The Hsiung Feng I (HF-1) (雄風一型, "Brave Wind I") is an anti-ship missile system developed by the National Chung-Shan Institute of Science and Technology in Taiwan between 1975 and 1978 in response to the SY-1 missile being introduced into service with the opposing People's Liberation Army Navy.

==Development==
As NCSIST's previous experience with anti-ship missile development was limited to experimentally fitting warheads onto MQM-33B drones, the decision was made to base the weapon on the Israeli Gabriel Mk I with necessary modifications added in order to remain competitive against the SY-1 missile, making it essentially a Taiwanese interpretation of the Gabriel Mk II (and since the Republic of China Navy did also import several sets of Gabriel Mk II system to rehabilitate three of their Allen M. Sumner class destroyers, they also stipulated the HF-I to be made interchangeable with the Israeli-made ordnance).

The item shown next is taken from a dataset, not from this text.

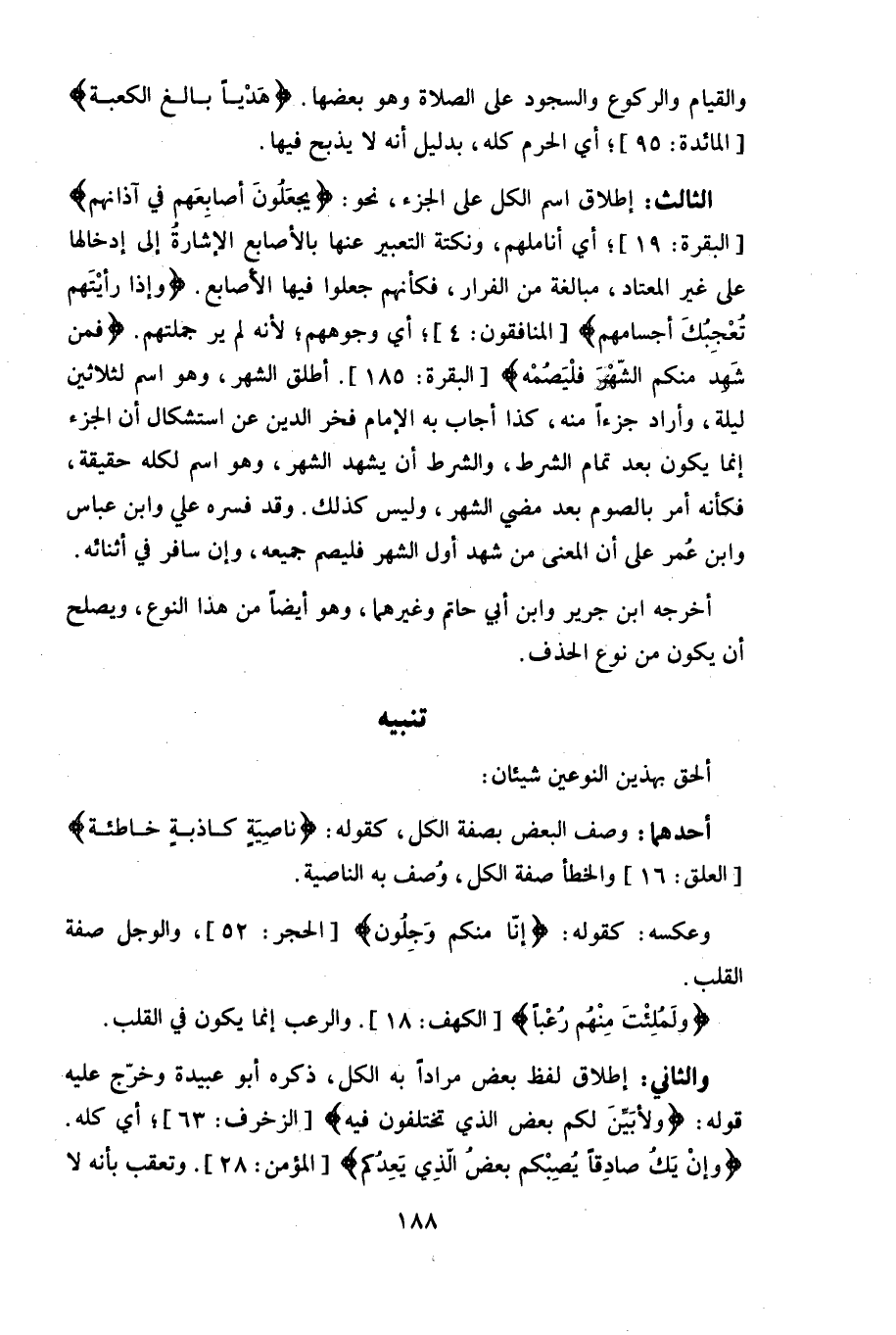 الثالث: إطلاق اسم الكل على الجزء، نحو: (يَجْعَلُونَ أَصَابِعَهُمْ فِي آذَانِهِمْ)

The system uses the Taiwanese CS/SPG-21A as a target acquisition and fire control radar. The CS/SPG-21A reportedly has a range of 37 km which was later upgraded to 46 km.

==Service history==

The Hsiung Feng I was officially a reverse-engineered version of Gabriel Mk.2 antiship missile, although Israel is believed to have cooperated with Taiwan. Sun Yat-sen Institute and National Chung-Shan Institute of Science and Technology redesigned the missile to include Taiwanese components.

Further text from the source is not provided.